Let $ABC$ be a triangle such that $\angle B=2\angle C$. We extend the side $BC$ by a segment $CD$ equal to $\frac{1}{3}BC$.
Prove that area of $ABC$ is $$\frac{1}{4}|BC|^2\cdot \cot \frac{\theta}{2}$$ where $\theta=\angle BAD$
My attempt,
Let $a,b,c,d$ be the respective lengths of $BC, CA, AB, AD$ and suppose that the bisector of angle $ABC$ intersects $AC$ at $E$. So we can see that $BE=EC=\frac{ab}{(a+c)}$. We also know that $AC:AB=BC:BE$. Hence, $b^2=c(a+c)$. By applting the Cosine Law to the triangles $ABC$ and $ACD$, we can get $ad^2+(\frac{a}{3})c^2=(b^2+\frac{a^2}{3})(\frac{4a}{3})$. By using the equation of $b^2$, we get $9d=4a^2+12b^2-3c^2=(3c+2a)^2 $and $d=\frac{1}{3}(3c+2a)$. Applying the Cosine Law again to triangle $ABD$ and using the previous result to get $$16a^2=9(c^2+d^2-2cd\cos \theta)=(18c^2+12ac+4a^2)-6c(3c+2a)\cos \theta$$ so that $$6(3c^2+2ac)\cos \theta=6(3c^2+2ac-2a^2)$$
Hence, $$\cos \theta=1-\frac{2a^2}{3c^2+2ac}$$
We can get $1+\cos \theta=\frac{6c^2+4ac-2a^2}{3c^3+2ac}$ and $\cot^2 \frac{\theta}{2}=\frac{1+\cos \theta}{1-\cos \theta}=\frac{(c+a)(3c-a)}{a^2}$
By using Heron's area formula,
$16[ABC]^2=a^4 \cot^2 \frac{\theta}{2}$
$[ABC]=\frac{1}{4}a^2 \cot \frac{\theta}{2}$
Is there any other way/method to solve this question? Thanks in advance.
In the picture we have as a model the triangle $\Delta ABC$ with sides $a,b,c$ equal to respectively $15,18,12$. OP also mentions the formula for $b^2$, here is an "other way" to obtain it.

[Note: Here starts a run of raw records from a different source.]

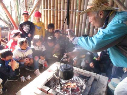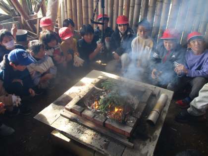 収穫の後は、たき火の近くに集まり、昔の道具の説明や、火事の際に命を守るお話を聞きました。
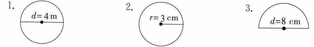 四、计算下面圆或半圆的周长。(12分)
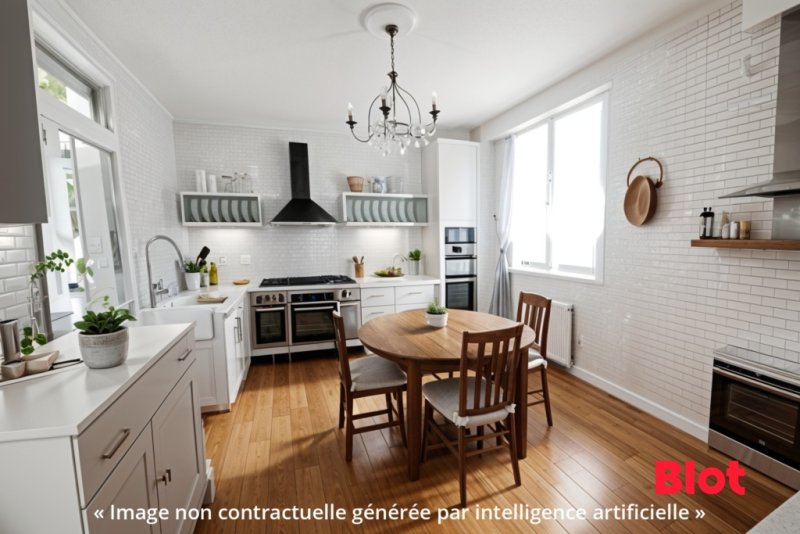 La maison se compose d'une cuisine aménagée et équipée qui s'ouvre sur un salon lumineux , créant ainsi un espace de vie convivial de 26m².
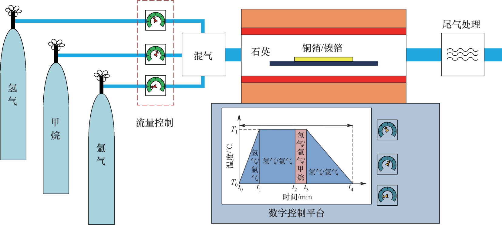 2008年,美国麻省理工学院Jing Kong等人将传统半导体化学气相沉积(Chemical Vapor Deposition,CVD)技术应用在了石墨烯制备上(见图1.8),得到了厘米级的单层、多层石墨烯,证明了用CVD法制备石墨烯是一种低成本、稳定可控的技术途径。由于不需要低压超高真空的要求,CVD技术极大地改善了石墨烯制备条件 [194] 。其使用的催化金属为多晶镍,制备过程大致为:首先在硅片(尺寸1~2cm 2 )上蒸镀500nm厚度的镍,再放置于CVD管式炉中,氩气和氢气(保护气体)以600sccm和500sccm的流速作为生长氛围,加热至900~1000℃且保持10~20min。镍具有较高的溶碳量,碳原子在高温环境下可以渗入金属基体内 [193] ,再在降温的过程中从内部析出成核,进而生长成为石墨烯薄片。2009年,韩国成均馆大学Byung Hee Hong使用了类似的制备工艺,他们在降温阶段使用了快速冷却技术(约10℃·s -1 ),能够减少多层现象,使得后续基底的转移更加容易 [195] 。转移后的石墨烯薄膜的表面方阻约为280Ω/□,透光率约为80%。总的来说,使用镍箔作为催化剂制备的石墨烯晶畴尺寸依然偏小,而且层数不容易控制,并且镍箔的刻蚀时间与石墨烯尺寸呈指数关系增长 [196] 。不过,国内外学者也在不断尝试改进完善镍箔作为基底生长石墨烯的工艺。例如,可以利用镍和铜对碳溶解能力的差异,将碳离子通过离子注入工艺注入到镍层中,经过退火得到石墨烯,并通过调节碳的注入量,实现对石墨烯层数的精确控制 [197] 。

After construction, geogebra confirms optically that the angle bisector in $B$, the perpendicular bisector of $BC$ and the side $AC$ are concurrent, this means that $\hat B=2\hat C$. (I will no longer use the hats, this should be clear in the given context.)

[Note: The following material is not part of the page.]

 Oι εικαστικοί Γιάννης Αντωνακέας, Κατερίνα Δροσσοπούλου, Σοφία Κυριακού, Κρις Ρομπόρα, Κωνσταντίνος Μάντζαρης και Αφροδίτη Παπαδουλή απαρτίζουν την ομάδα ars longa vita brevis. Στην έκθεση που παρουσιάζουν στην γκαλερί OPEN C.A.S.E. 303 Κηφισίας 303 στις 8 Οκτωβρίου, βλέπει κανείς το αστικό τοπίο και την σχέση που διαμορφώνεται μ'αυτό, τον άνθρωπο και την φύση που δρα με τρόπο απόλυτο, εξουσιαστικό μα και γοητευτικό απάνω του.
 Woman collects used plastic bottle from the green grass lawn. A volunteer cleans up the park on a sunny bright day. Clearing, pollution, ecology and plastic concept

Lemma: $$\bbox[yellow]{\qquad AD = c+\frac{2a}3\ .\qquad}$$ Proof: Let $R$ be the circumradius, then: $$ \begin{aligned} b&=2R\sin B=2R\sin 2C=2R\cdot 2\sin C\cos C=2c\cos C =2c\cdot\frac{a^2+b^2-c^2}{2ab}\ ,\text{ so} \\ ab^2 &=c(a^2+b^2-c^2)\ ,\\ b^2(a-c)&=c(a^2-c^2)=c(a+c)(a-c)\ ,\text{ thus giving a formula for $b^2$,}\\ b^2&=c(a+c)\ .\\[3mm] &\qquad\text{ From here we compute $AD^2$ in $\Delta ABD$:}\\[3mm] \cos B&=\frac{a^2+c^2-b^2}{2ac}=\frac{a^2-ac}{2ac}=\frac{a-c}{2c}\ ,\\ AD^2 &=BA^2+BD^2-2BA\cdot BD\cdot \cos B \\ &=c^2+\frac {16}9a^2-2 c\cdot\frac {4a}3\cdot\frac{a-c}{2c} =c^2+\frac 43ac+\frac 49a^2 =\bbox[yellow]{\left(c+\frac{2a}3\right)}^2\ . \end{aligned} $$ $\square$
Note: The values $15,18,12$ in the picture are so that $b^2=18^2=12(15+12)=c(a+c)$. The converse is with the same argument true, if we have the relation $b^2=c(a+c)$, then $B=2C$.
We can start now the final computation. Recall a formula in "some other triangle" $A'B'C'$ with usual notations enlarged with the prime decorator. The sides are for instance $a',b',c'$, the semiperimeter is $s'=\frac 12(a'+b'+c')$ and so on. Then as for instance mentioned here, we have: $$ \cot\frac {A'}2 =\sqrt{\frac{s'(s'-a')}{(s'-b')(s'-c')}} =\frac{\sqrt{s'(s'-a')(s'-b')(s'-c')}}{(s'-b')(s'-c')} \overset{\text{Heron}}= \frac{\operatorname{Area}[A'B'C']}{(s'-b')(s'-c')}\ . $$ We apply this formula in the triangle $\Delta A'B'C'=\Delta ABD$, its angle in $A'$ is with the OP notations $\theta$, so we have step by step: $$ \begin{aligned} a'&=\frac{4a}3\ ,\qquad b'=\bbox[yellow]{c+\frac{2a}3}\ ,\qquad c'=c\ ,\\ s'&=\frac 12(a'+b'+c')=a+c\ , \qquad s'-b'=\frac a3\ ,\qquad s'-c'=a\ ,\\[4mm] \operatorname{Area}[ABC] &=\frac 34\operatorname{Area}[ABD] =\frac 34(s'-b')(s'-c')\cot\frac \theta 2 =\frac 34\cdot\frac a3\cdot a\cdot\cot\frac \theta 2 \\ &=\frac 14a^2\cot\frac \theta 2\ . \end{aligned} $$ $\square$